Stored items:

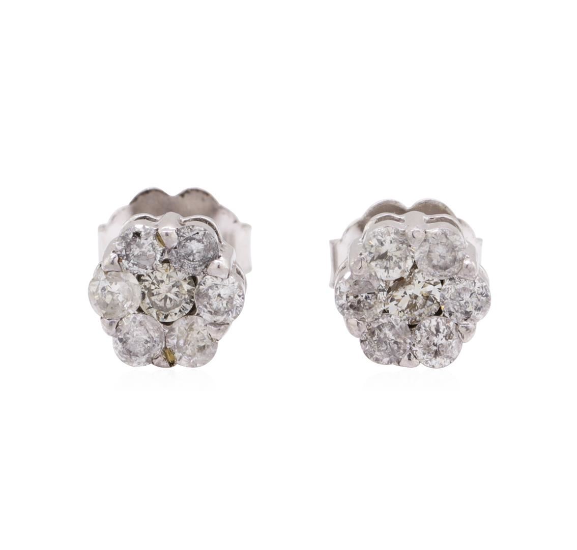 One pair of diamond cluster studs with friction posts and backs featuring: 14KT white gold weighing 1.3 grams containing diamonds weighing 0.50ctw.
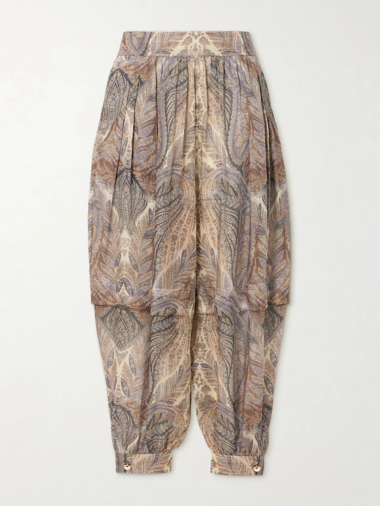 Hypnotic Layered Pleated Paisley-print Silk Tapered Pants
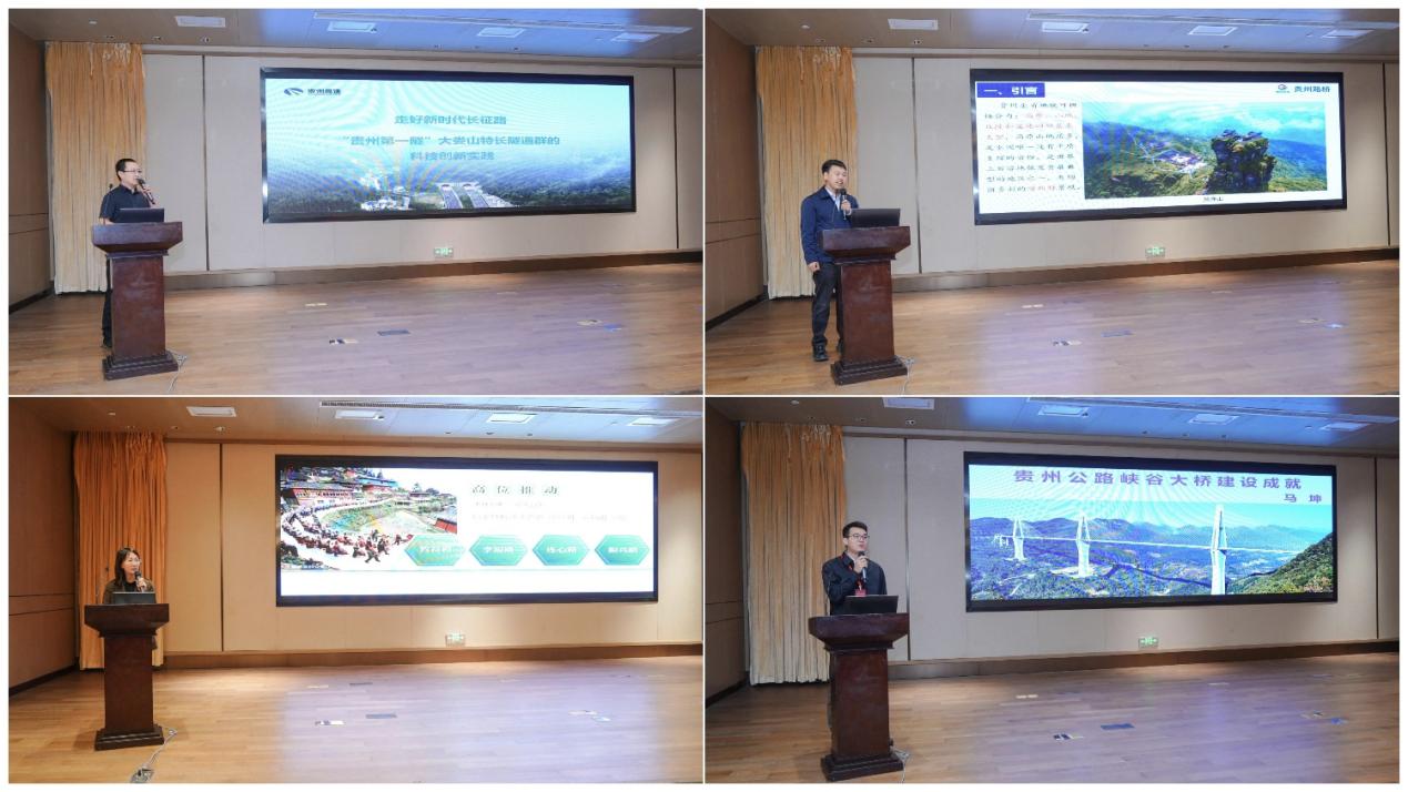 开幕式后,特邀专家贵州省交通规划勘察设计研究院股份有限公司桥梁分院总工程师马坤、中南交通科技有限公司安防工程高级工程师胥松、贵州路桥集团第五分公司副总经理、总工程师张基进、贵州省公路局农村公路处副处长、高级工程师刘艳分别作题为《贵州公路峡谷大桥建设成就》、《走好新时代长征路:“贵州第一隧”大娄山特长隧道群的科技创新实践》、《贵州山区公路拱桥建设发展与挑战》、《创新推动“四好农村路”共绘和美乡村新画卷》的精彩报告。
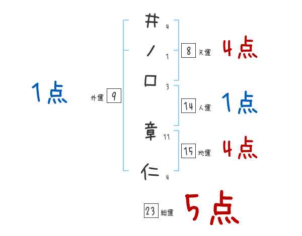 地運![]() | 井ノ口章仁さんの地運は15画の4つ星!人徳があり出世する。順調に物事を進め円満な人生。 個性を表す基礎的な運勢です。性格形成や対人関係、行動力など家庭環境に影響されます。主に誕生してから20歳くらいまでの若年期の運勢を表します。 |
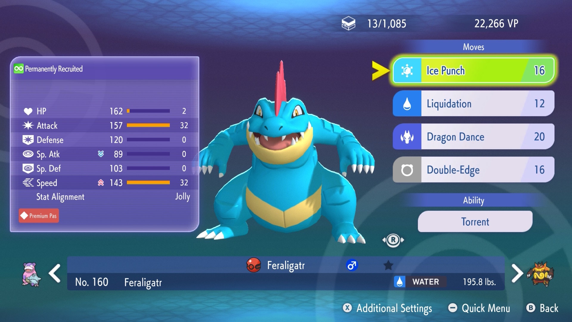 Feraligatr National Pokédex: #0160 Type: Water Category: Big Jaw Pokémon | Level: N/A Original Trainer: N/A | ID No: N/A…
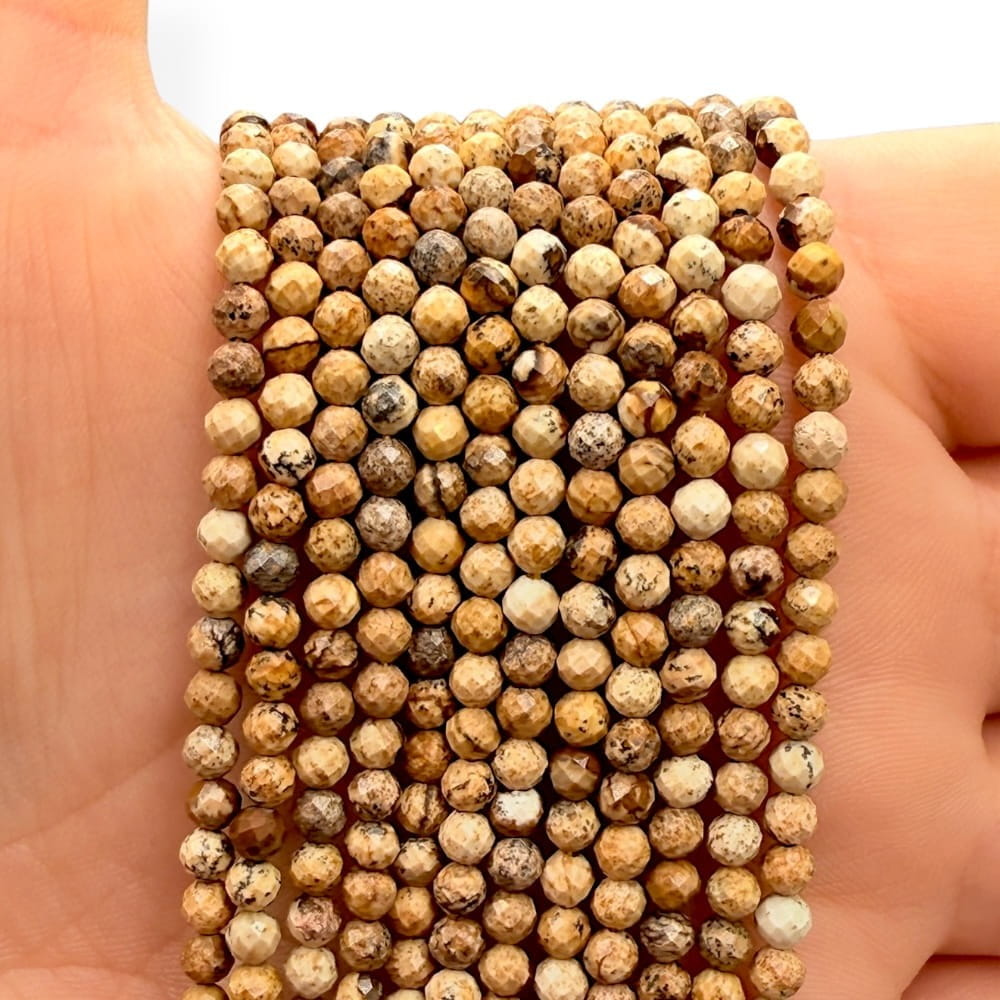 Subtelne kulki z jaspisu piaskowego fasetowanego o średnicy ok. 3 mm – idealne do naturalnej, stonowanej biżuterii.
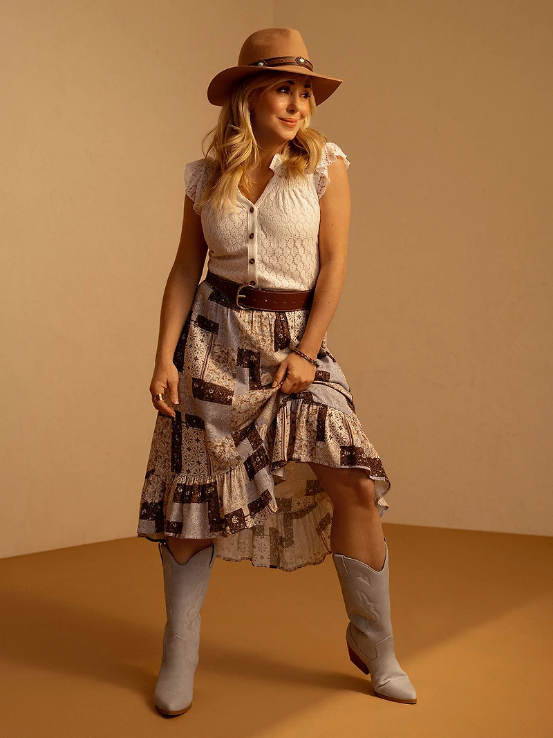 Jupe midi composée de panneaux assemblés en motif style patchwork, avec une taille élastiquée agrémentée de fronces tout autour de la ceinture. Elle présente une coupe évasée, sublimée par un volant rapporté en bas, et se distingue par ses motifs variés, mêlant imprimés floraux et géométriques.
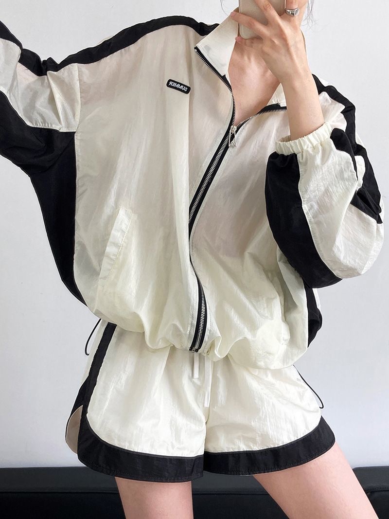 Color-blocked Sun-protective Clothing Casual Lightweight Outfit Set
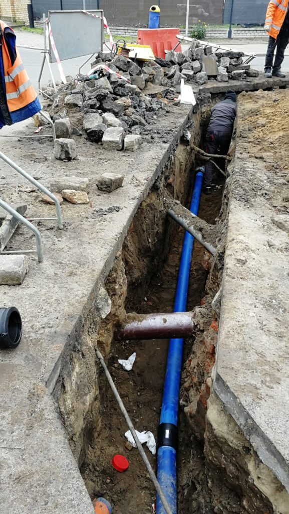 Przedsiębiorstwo Usług Miejskich Spółka z o.o. w Gubinie informuje, że na początku II dekady listopada 2023 r. przystąpiło do realizacji budowy z rur PE DN125 nowej sieci wodociągowej w miejsce już wyeksploatowanej w ul. Królewskiej w Gubinie o łącznej dł. 335,5 m. Nowa sieć wodociągowa będzie realizowana metodą bezwykopową, jak również metodą wykopową. Wszelkie wykopy pod tzw. przecisk sterowany, montaż węzłów z zasuwami oraz montaż hydrantów nastąpi wykopem otwartym. Jednocześnie zostaną zamontowane nowe hydranty nadziemne o średnicy DN80 w ilości 3 szt. wraz z wymianą 14 szt. przyłączy do granic nieruchomości o łącznej dł. 101,0 m.

→ **Activity**
Give exactly the lines above that run from the line with "地運![]() | 井ノ口章仁さんの地運は15画の4つ星!人徳があり出世する。順調に物事を進め円満な人生。" to the line with "Subtelne kulki z", both included, leaving every picture out.

→ **Answer to this task**
 地運![]() | 井ノ口章仁さんの地運は15画の4つ星!人徳があり出世する。順調に物事を進め円満な人生。 個性を表す基礎的な運勢です。性格形成や対人関係、行動力など家庭環境に影響されます。主に誕生してから20歳くらいまでの若年期の運勢を表します。 |
 Feraligatr National Pokédex: #0160 Type: Water Category: Big Jaw Pokémon | Level: N/A Original Trainer: N/A | ID No: N/A…
 Subtelne kulki z jaspisu piaskowego fasetowanego o średnicy ok. 3 mm – idealne do naturalnej, stonowanej biżuterii.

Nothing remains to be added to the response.